**REQUIREMENT**
Take the entries below and reproduce exactly the portion that begins at the line containing "Mit dieser Airline" and ends at the line containing "Frey móður 19-998", keeping both ends, dropping pictures, and adding nothing else.

**DATA SHOWN**
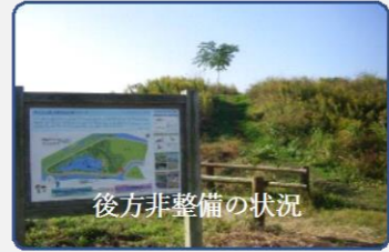
後方非整備の状況
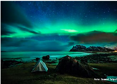
Mit dieser Airline erlebst Du Stadt, Fjord und Nordlicht auf einer Reise
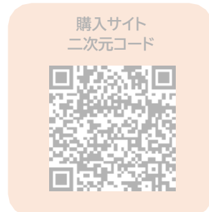
購入サイト 二次元コード

※保護者の方がご登録される場合も、 学生様のお名前 でご登録をお願いいたします。
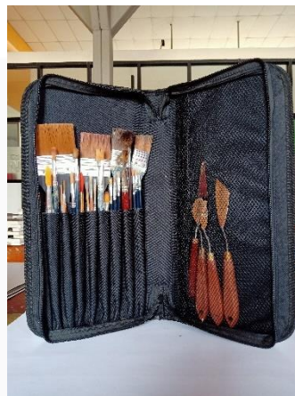
Gambar 7 Pisau palet dan kuas
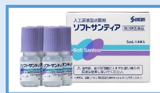
人工涙液型点眼剤 ソフトサンティア® 第3類医薬品
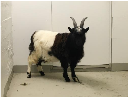
Frey móður 19-998
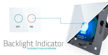
Backlight Indicator Illuminate more conveniently

**SOLVED PROBLEM**
Mit dieser Airline erlebst Du Stadt, Fjord und Nordlicht auf einer Reise
購入サイト 二次元コード

※保護者の方がご登録される場合も、 学生様のお名前 でご登録をお願いいたします。
Gambar 7 Pisau palet dan kuas
人工涙液型点眼剤 ソフトサンティア® 第3類医薬品
Frey móður 19-998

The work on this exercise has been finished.